Julie is a single mother, raising two young children. She wakes them up early every morning and drops them off with a family friend as she catches the early train to work as a maid at a luxurious hotel. Barely able to pay her bills and support her family, she gets the opportunity to interview for a more desirable job. This job would give her the opportunity to support her kids and give them a better life. However, as she tries to navigate her current job, her prospective job, and her kids, she finds her situation is made all the more difficult by a national transit strike.
Written and directed by Eric Gavel, this script is minimal in its setup and plot, but that allows for the audience to focus on Julie as a character more. While her frustrations with her current situation and the country’s transportation problems are compelling and add layers of suspense to the story, more than anything, this is a story about one woman. It’s not so much a story about what she does but why she does them. It’s simple yet endlessly endearing, and it’s a case study in less being more in terms of screenwriting.
Laure Calamy leads the film as Julie, and she is a perfect fit for this role. She has proven herself to be a charismatic actor who can handle drama and emotion very well. She has an inviting screen presence which allows the viewer to empathize more and feel her frustration. She compels the audience to be invested in her constant problems and revel in her small victories. The supporting cast is decent, but they really aren’t given much to do. The entire burden of the movie almost falls entirely on Calamy as a performer.

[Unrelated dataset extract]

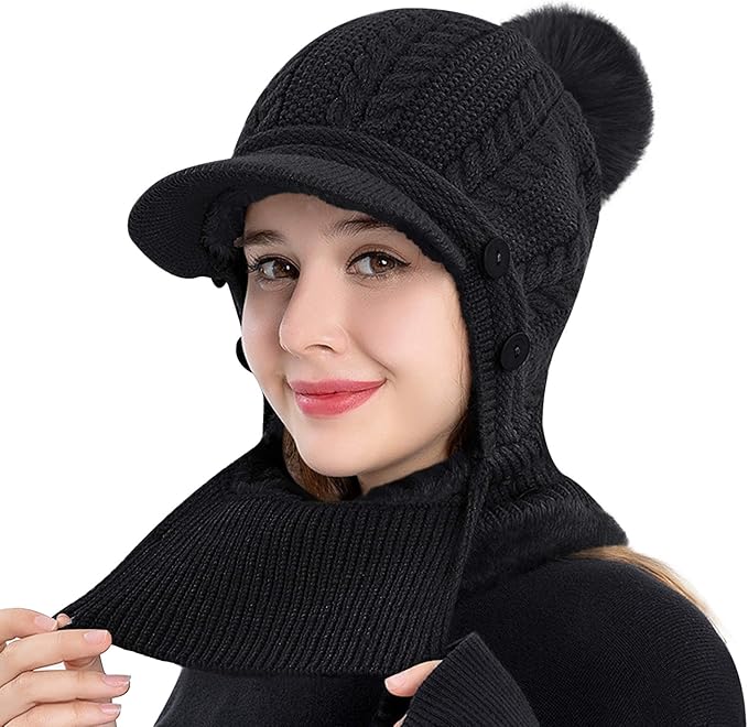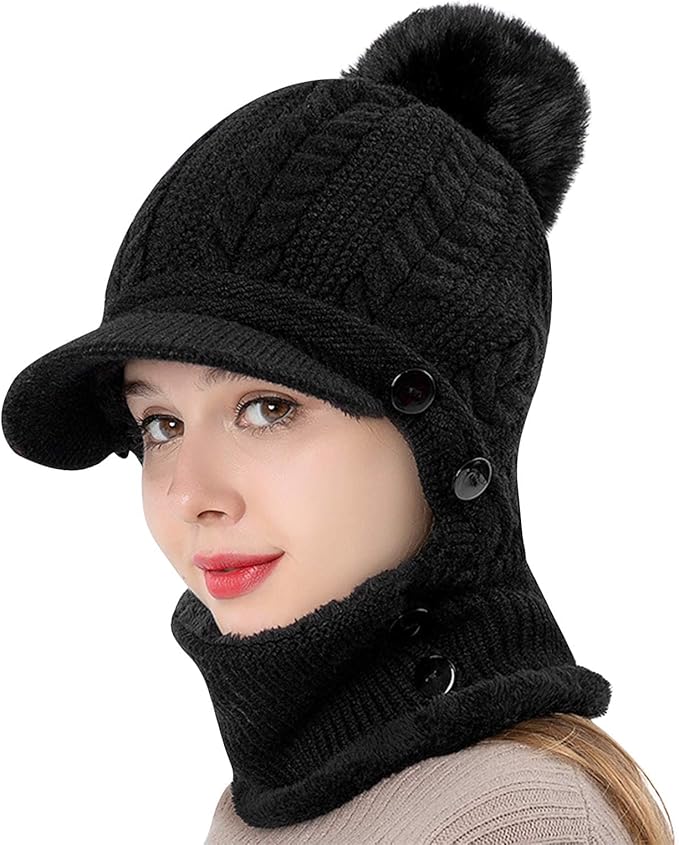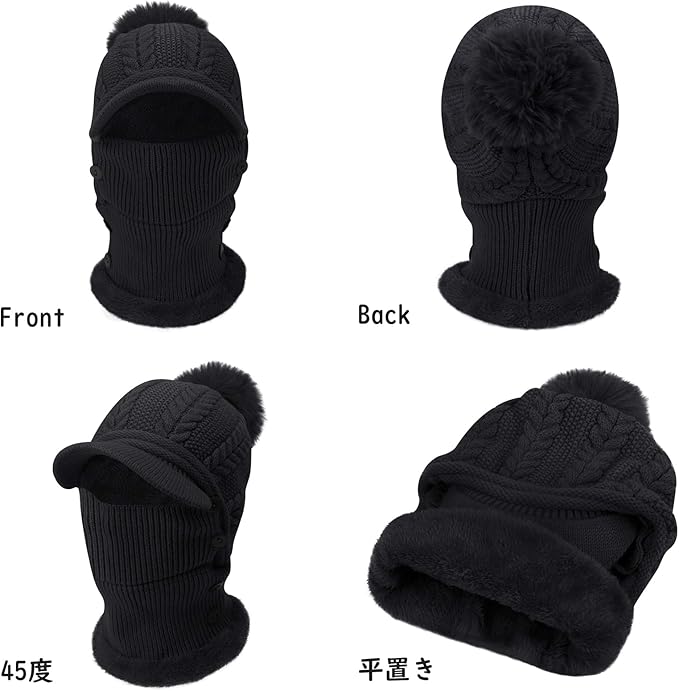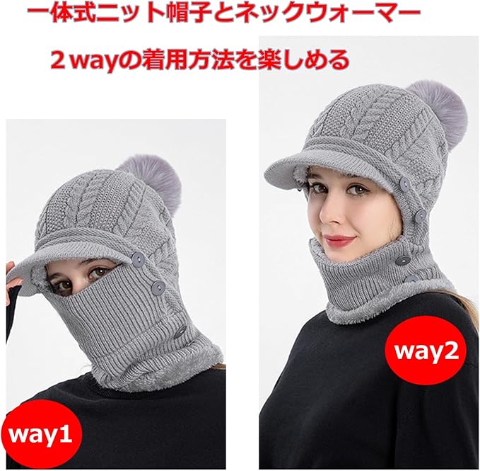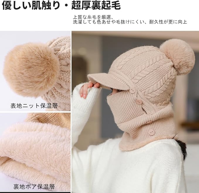 [LeafIn] 2Way&暖かい裏起毛 ニット帽子 レディース ネックウォーマー ネックフェイスカバー ビーニー ニットキャップ ポンポン 厚手 裏起毛 ボア 防寒防風 スノーボード スキー 防寒具 自転車 バイク 釣り 登山 通勤 通学 冬

The movie briefly takes notice of the national issues that affect our protagonist, but it never is the focus of the movie. It’s conscious of the struggles workers face, but the movie isn’t interested in making some grand political statement but rather examining the effect it has on a single woman over the course of an imperative few days. It’s large scope and small focus is what makes this such an interesting movie. It may not be perfect, and it may have some slower moments, but it’s captivating to join Julie on her quest for a better life.
Full Time is a great sophomore feature from Gravel and another showcase for Calamy’s charming talents. It’s minimal, but it will resonate with most audiences as Calamy delivers a convincing lead performance that propels the movie through its brief run time.
Full Time is in theaters February 3.